*GOAL OF THE EXERCISE*: In the entries below, find the line with "共4册全18卷 图解山海经小" and the line with "The Vortex Blazer", then retype both and everything between them exactly. Do not copy the pictures.

*ENTRIES SHOWN*:
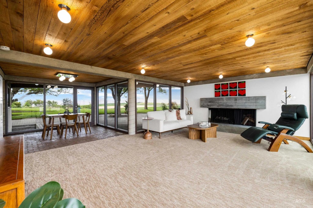 This is a one-of-a-kind architectural gem—a custom 1975 Mid-Mod home thoughtfully constructed from solid concrete and crowned with a sustainable earthen roof, offering the perfect blend of timeless design, efficiency, and grounded living. Set on 2.38 meticulous acres, this home is surrounded by rolling farmland in a quiet country setting, offering captivating 360-degree mountain views. Lush grounds, a zen garden, stock pond, raspberry field, raised gardens, & a hoop-building offers plenty of storage. Spanning over 3,248 sq ft, featuring 4 bedrooms and 2.5 baths, cedar lined library, office space and a layout designed for both privacy and flow. The warmth of cedar-lined walls throughout the home are true to character. Dome skylights add to the architectural intrigue while ushering natural light indoors. Expansive windows and classic mid-century lines, earthy materials and thoughtful architecture create harmonious indoor-outdoor living. This is not just a home—it’s a lifestyle for a true enthusiast of living
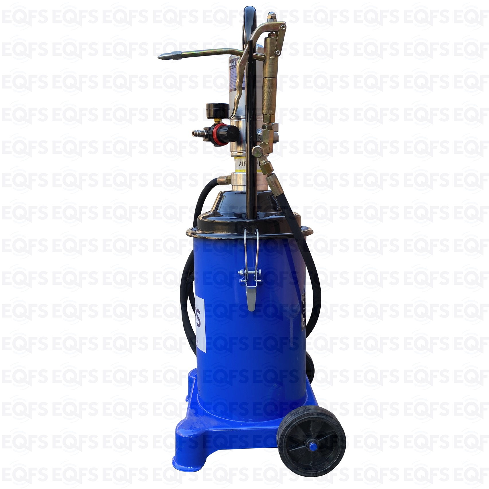 Пневматический. На колесах. Продавливает «ЗАБИТЫЕ» тавотницы. Давление смазки 300-400 Атм. Пистолет с наконечником производительность 850 г/мин. Для шприцевания шарнирных соединений (тавотниц, крестовин, подшипников, цепей). Заправка смазкой из ведра, тубы, бочки. Высота бака 320 мм. Диаметр бака Ø 220 мм. Длина шланга 4 м. Емкость бака 12 кг.
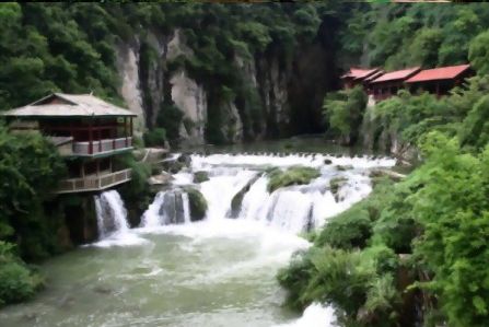 水洞下游有臥龍湖,水清可鑒,湖邊排列著水車、水碾、水磨、“香粑車”等等往時(shí)鄉(xiāng)間常見(jiàn)的農(nóng)家物,給人以既古樸又清新的感覺(jué)。與臥龍湖相連的是一處罕見(jiàn)的鈣化灘,足有200米長(zhǎng),灘面上瀑布流瀉,水簾溶洞星羅棋布,植被茂密,堪稱喀斯特景貌的一絕。這一帶,春來(lái)桃花爛漫,夏臨蘭草吐芳,金秋野菊盛開(kāi),初冬火棘紅艷,一年四季,風(fēng)景如畫。
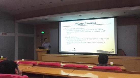 齐博士首先由神经科学中脑成像技术方面的巨大进步引出此次报告的主要内容,介绍了利用功能磁共振成像技术(fMRI)间接测量神经活动的变化可以及时观察和诊断注意力缺陷多动症(ADHD)。齐博士进而详细地阐述了基于时间序列的First-Take-All(FTA)哈希算法,利用FTA哈希编码检测健康的人与ADHD患者之间fMRI time-courses的异同来进行ADHD的诊断。这场报告讲座让在座的老师和同学们受益匪浅,多位同学和老师就自己的研究方向与齐博士展开了深入的探讨。
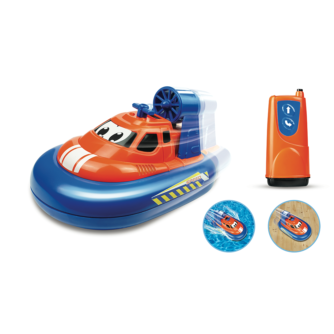 Mon aéroglisseur radiocommandé - 16 cm Rien n'arrête ton véhicule : au sol ou dans l'eau, il va toujours à fond ! Technologie 2.4 Ghz pour une utilisation intérieure/extérieure. Piles : 4 x AA (non incluses). A partir de 3 ans.
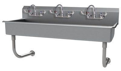 Description: Multiwash Hand Sink, splash mount faucet provision, wall mounted, includes (3) faucets, 72"W x 19-1/2"D x 29-1/2"H (overall), 16" front-to-back x 8" deep (bowl size), 8-1/2"H backsplash, punched with (4) sets of faucet holes 8" OC, includes 3-1/2" rear basket drain, 14 gauge 304 stainless steel construction, tubular stainless steel wall supports, NSF
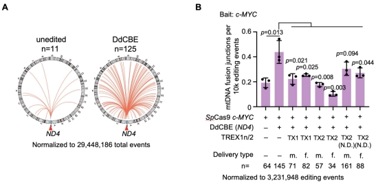 那么由于线粒体基因编辑导致的线粒体DNA碎片是否有可能插入到核基因组中呢?作者利用PEM-seq发现,在mitoTALEN编辑后线粒体DNA与核基因组整合序列的断点大多发生在mitoTALEN的编辑窗口内。同样的,在DdCBE编辑后也能发现编辑位点与核基因组的整合,证明线粒体编辑器同样可以导致线粒体DNA插入到核基因组中(图1A)。在细胞中核酸外切酶TREX1和TREX2会清除细胞质中游离的DNA片段从而避免细胞炎症反应的过度激活6。作者发现,在编辑过程中同时表达TREX1或TREX2可以显著降低编辑过程中线粒体DNA的插入(图1B),为解决这一编辑安全隐患提出了解决的思路。
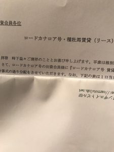 年に1度の臨時ボーナスの案内がロードサラブレッド何とかから届きました。
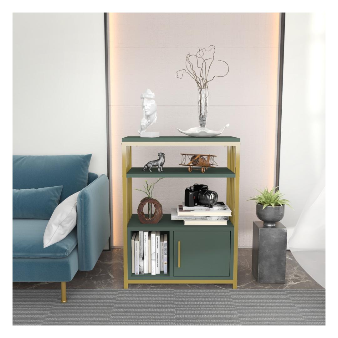 Introducing our exquisite bookshelf, a masterpiece that will elevate your home decor to new heights. Crafted with utmost precision and attention to detail, this bookshelf is designed to create a lasting impression. Its stunning combination of green and gold colors adds a touch of sophistication and luxury to any room.
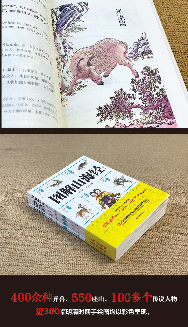 共4册全18卷 图解山海经小学生版彩绘版儿童版原著正版全译画集书籍童话图说画册系列写给孩子读得懂的山海经三四五六年级课外阅读
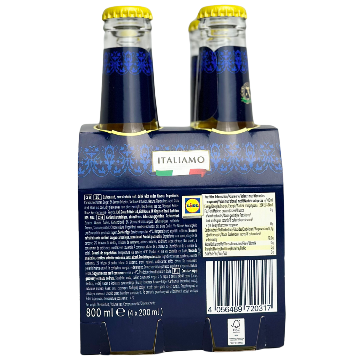 Газований напій зі смаком кедра Cedrata Italiamo в упаковці 4 по 200 мл — це освіжаючий італійський лимонад із унікальним цитрусовим смаком. Напій має характерні ароматні нотки кедра (цитрона), який надає йому свіжий, фруктовий та злегка солодкуватий профіль.
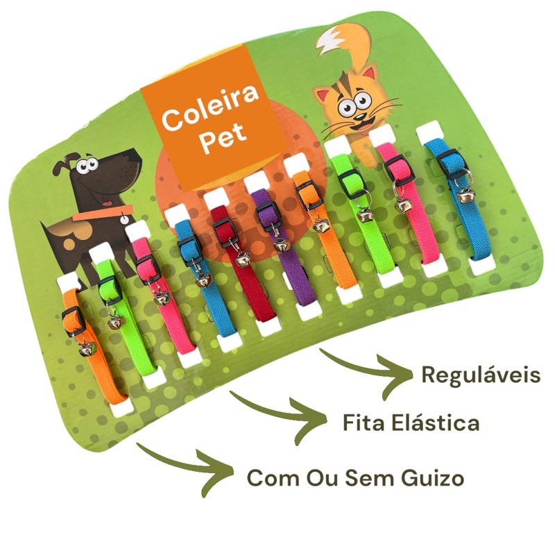 Coleira Para Gato Cartela com 10 Unidades Reguláveis Com Guizo Sino Preço Atacado
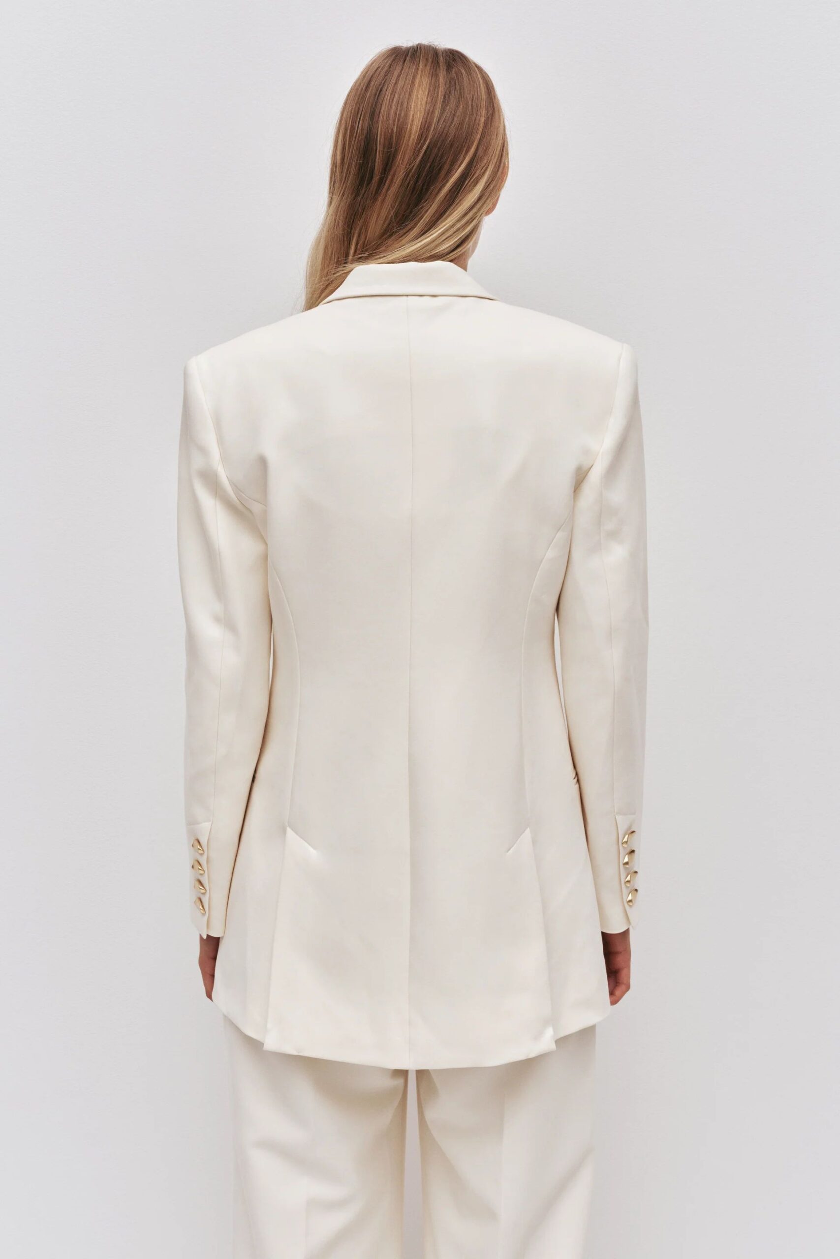 The Vortex Blazer in Vanilla is a refined tailoring piece designed with a modern, structured silhouette.
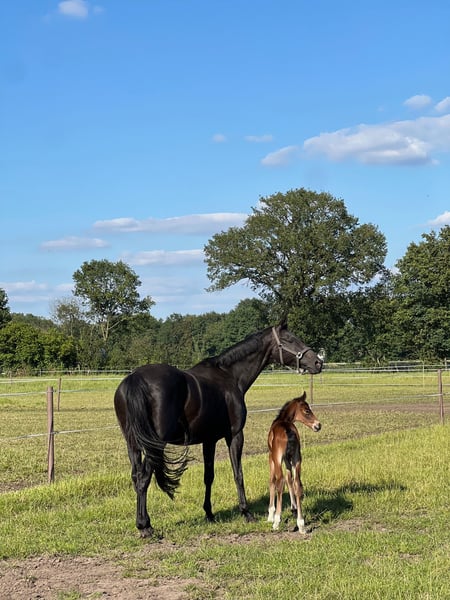 Dkl. Brown Verband Premium Mare, born 2010, approximately 1.70 m By Dancier, Dam Sire: Wolkenstein II (Granddam Sire: Star Regent xx) Currently in foal to Dynamite, due in March 2026 Dynamite (Debutant PS, Dam Sire: Feinrich) – Standing at Kanziora Breeding Station In 2022, she foaled a filly by Escolar (sold to the USA), and in 2024, a colt by Benicio (sold within Germany). - Previously ridden and placed in young horse competitions - She is very people-oriented, completely herd-safe, uncomplicated, and well-behaved - Easy to load and unproblematic at the blacksmith For sale due to discontinuation of breeding activities
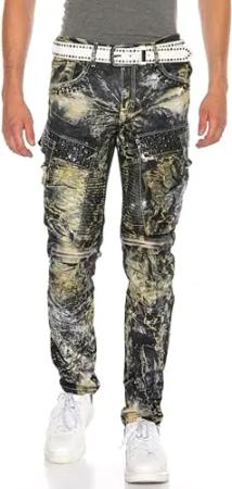 Herren CD494 Khaki Biker Jeans Ripped-Destroyed-Frayed-Slim Fit Jeans Hose mit Nieten und Muster
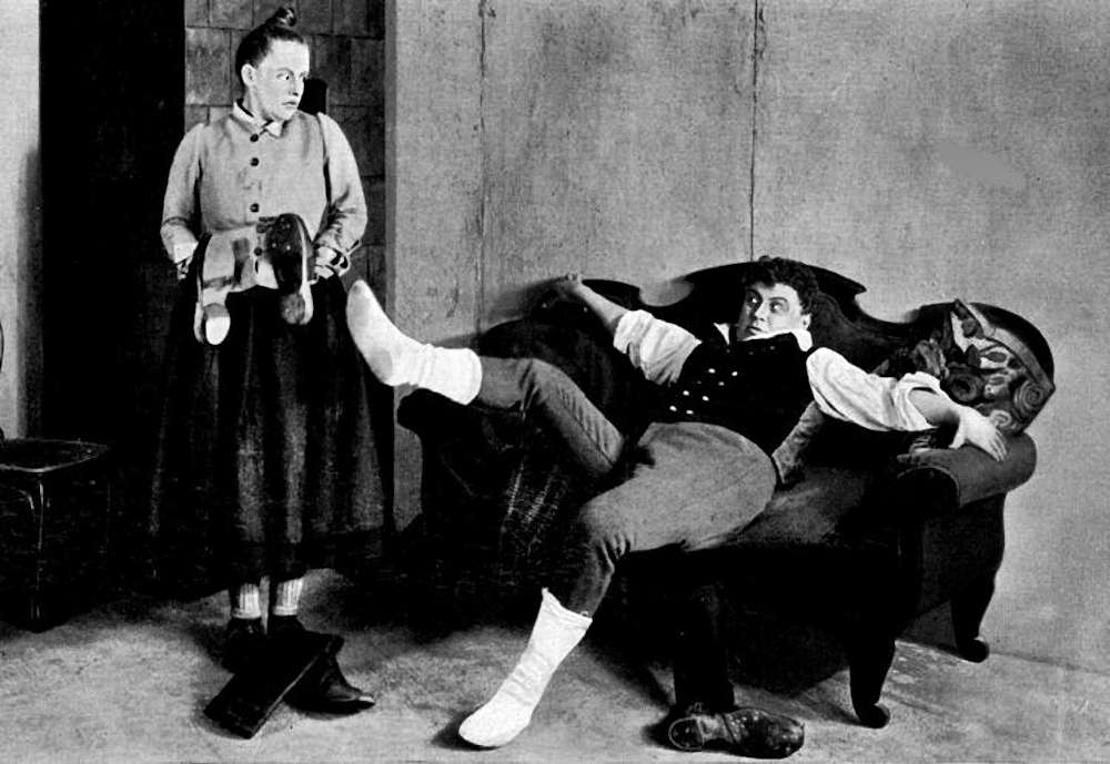 „Where are my Slippers?“ Wer hat das gesagt? Professor Higgins zu Eliza Doolittle am Ende von „My Fair Lady“. Damit war die ganze Emanzipation futsch. Genau das Gleiche passiert schon 44 Jahre zuvor in diesem Stummfilm von Ernst Lubitsch. Ebenfalls auf Englisch, denn die Version, die ich angeschaut habe, war mit englischen Zwischentiteln versehen. Im Film wird der wilde Bruder übrigens immer Xaver genannt, nicht Peter. Irgendwie passt das auch, ich musste ständig an Xaver Unsinn denken, aber mehr an mit einer Assoziation hin zu dem Unsinn des derben Bauernburschen Xaver als an den Mann, der diesen Namen trägt. Xaver wird von niemand anderem gespielt als von Emil Jannings, der wirklich ein sehr kompletter Schauspieler war, das sieht man an den sehr unterschiedlichen Rollen, in denen er reüssieren konnte, zuletzt hatte ich ihn als sonnigen Ludwig XV. in „Madame Dubarry“ gesehen, ebenfalls unter der Regie von Ernst Lubitsch. Und die beiden Kolhiesel-Töchter werden von Henny Porten verkörpert, der Nummer eins unter den deutschen Filmstars der 1910er Jahre, der unter den in der Filmstadt Berlin arbeitenden Künstlerinnen höchstens die Schwedin Asta Nielsen Konkurrenz machen konnte, die einen anderen Typ verkörperte. Der Film ist also so hochkarätig besetzt, wie es im frühen deutschen Kino irgend möglich war und wurde ein großer Erfolg.

*ANSWER TO THE PROBLEM*:
 共4册全18卷 图解山海经小学生版彩绘版儿童版原著正版全译画集书籍童话图说画册系列写给孩子读得懂的山海经三四五六年级课外阅读
 Газований напій зі смаком кедра Cedrata Italiamo в упаковці 4 по 200 мл — це освіжаючий італійський лимонад із унікальним цитрусовим смаком. Напій має характерні ароматні нотки кедра (цитрона), який надає йому свіжий, фруктовий та злегка солодкуватий профіль.
 Coleira Para Gato Cartela com 10 Unidades Reguláveis Com Guizo Sino Preço Atacado
 The Vortex Blazer in Vanilla is a refined tailoring piece designed with a modern, structured silhouette.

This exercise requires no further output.